Evaluate the following products without multiplying directly:
(i) $ 103 \times 107 $
(ii) $ 95 \times 96 $
(iii) $ 104 \times 96 $

AcademicMathematicsNCERTClass 9

To do:

We have to evaluate the given products without multiplying directly.

Solution:

We know that,

$(x + a)(x+b) = x( x+ b) + a(x+b)$

$=x^2+xb+ax+ab$

$=x^2+x(a+b)+ab$

Therefore,

(i) \( 103 \times 107=(100+3) \times (100+7) \)

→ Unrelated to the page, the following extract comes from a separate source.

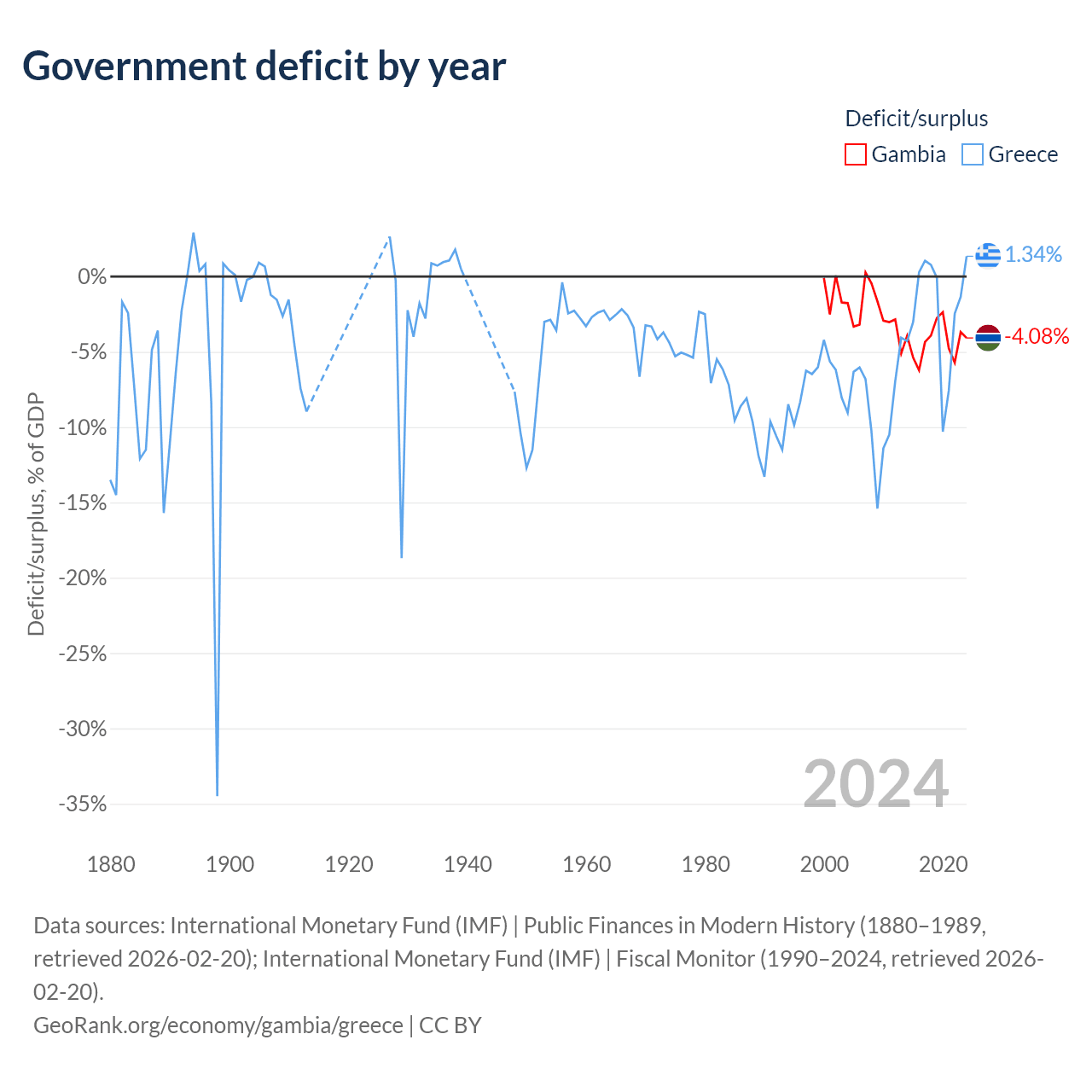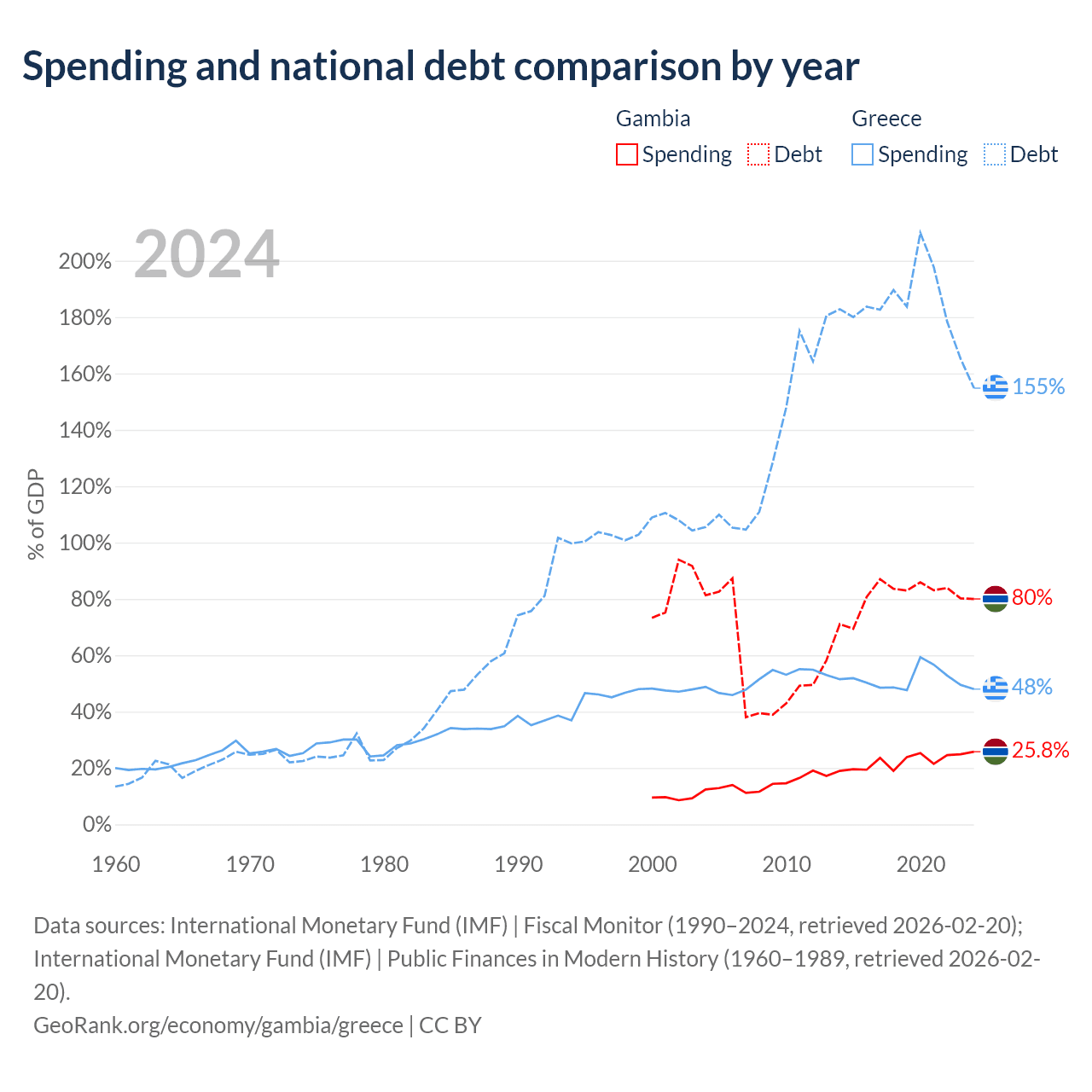 The Gambia has $1.92B in government debt (80% of GDP), compared to $397B (154.8% of GDP) in Greece.

Here, $x=100, a=3$ and $b=7$

This implies,

$(100+3)(100+7) = (100)^2+100(3+7)+3\times7$

$=10000+100(10)+21$

$=10000+1000+21$

$=11021$

Hence, $103 \times 107=11021$.

(ii) \( 95 \times 96=(100-5)\times(100-4) \)

Here, $x=100, a=-5$ and $b=-4$

This implies,

$(100-5)(100-4) = (100)^2+100(-5-4)+(-5)\times(-4)$

$=10000+100(-9)+20$

$=10000-900+20$

$=9120$

Hence, $95 \times 96=9120$.

(iii) \( 104 \times 96=(100+4)\times(100-4) \)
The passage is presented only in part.